We'll post photos when we get back.








Thanks for all your advice!


----------



## clarkely (Sep 15, 2008)

cait305 said:


> We are going to pick up our new 301bhg on Friday. The kids don't know yet, they are still mourning the sale of our pop-up.....boy will they be surprised. I can hear the back and forth now.......I'm sleeping there, No that's my spot, I don't want to sleep on the top, You mean we actually get to use the toilet? Why can't we sleep in the master bed? Sweet sweet summertime- the sound of crickets and my children. Keep us in your prayers.
> We'll post photos when we get back.
> 
> 
> ...


They are going to be PROUD!!! My children Brag about our camper...........and since going to a rally.........now they brag about outbackers as well!!

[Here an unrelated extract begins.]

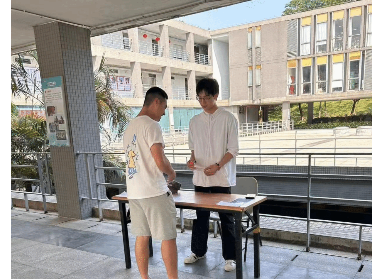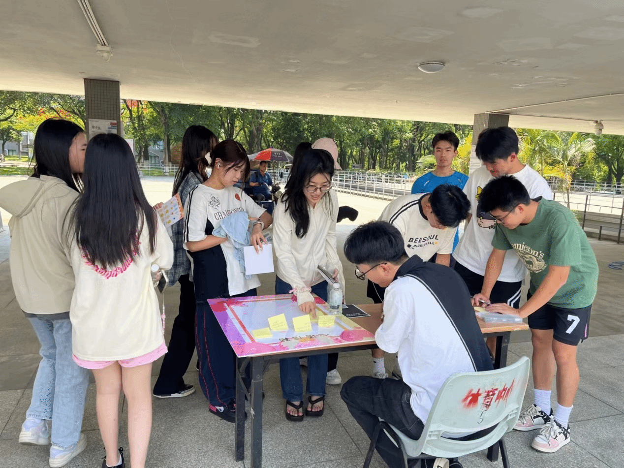 在“欢乐接力传球”打卡点,四人为一组,每人拿一张A4纸弯成凹槽使乒乓球连续滚动。同学们齐心协力,配合默契,现场氛围热烈。

Congrats!!! Where did you end up getting from..............fretz in Souderton? I bought mine from Camping world but used Fretz for warranty work.....First Class!!!


----------



## The Stephensons (Jul 10, 2007)

Congrats! We're new Outback owners, too and my kids did the same thing .... they actually cried when the old pop-up was being towed away and snapping pictures for their scrapbook (they're 5). And their jaws literally dropped when we brought home our new trailer. We heard "this is OURS?" followed by "I get the top bunk" and "that's okay, my bed has it's own door" and "wow - look at this tub" and "look, mom, there's a refridgerator" and "do we really get to pee in there" - it went on and on for like an hour. We're taking her out this weekend on her maiden voyage and they are counting down the days (make that hours).

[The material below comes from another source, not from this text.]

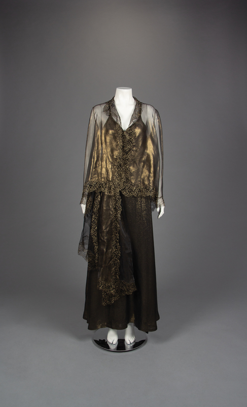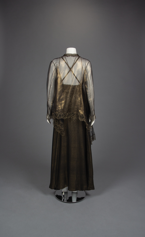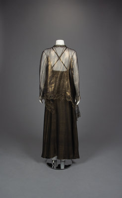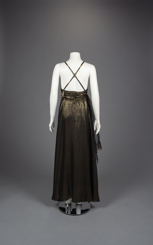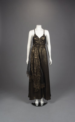 Black and gold lurex/silk blend cross back slip dress with gathered bust, belt, and gold silk organza cardigan jacket with reembroidered lace.

Again, congratulations! I'm sure they are going to love it! And when the kids are happy, it sure makes mom & dad happy!


----------



## nynethead (Sep 23, 2005)

Congrats to both of you on the new rigs. My kids have loved the camping we have been doing for the past 4 years. we are looking forward to our 3 week vacation in august at the beach.


----------



## California Jim (Dec 11, 2003)

From a pop-up to a 301. Nice


----------



## Oregon_Camper (Sep 13, 2004)

Congrats!!!

Don't forget the 24hr rule on posting pictures....


----------



## clarkely (Sep 15, 2008)

Oregon_Camper said:


> Congrats!!!
> 
> Don't forget the 24hr rule on posting pictures....

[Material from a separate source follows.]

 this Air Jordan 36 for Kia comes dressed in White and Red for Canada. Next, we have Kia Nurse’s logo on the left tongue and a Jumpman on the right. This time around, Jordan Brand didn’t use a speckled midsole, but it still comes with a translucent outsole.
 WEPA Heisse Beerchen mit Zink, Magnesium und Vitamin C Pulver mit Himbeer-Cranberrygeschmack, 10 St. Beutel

You just want to see the upgrades the newer ones have







ready to upgrade already? All the mods done


----------



## cait305 (Jul 9, 2009)

Oregon_Camper said:


> Congrats!!!
> 
> Don't forget the 24hr rule on posting pictures....


What is the 24 hour rule?


----------



## clarkely (Sep 15, 2008)

cait305 said:


> Congrats!!!
> 
> Don't forget the 24hr rule on posting pictures....


What is the 24 hour rule?
[/quote]

You are already behind in getting the pictures posted of your new unit!!

We wanna see!!!


----------



## Oregon_Camper (Sep 13, 2004)

cait305 said:


> Congrats!!!
> 
> Don't forget the 24hr rule on posting pictures....


What is the 24 hour rule?
[/quote]

Just joking around with ya. There is no "rule"...however, we do like to see new Outbacks, so if you can post a picture that would be great.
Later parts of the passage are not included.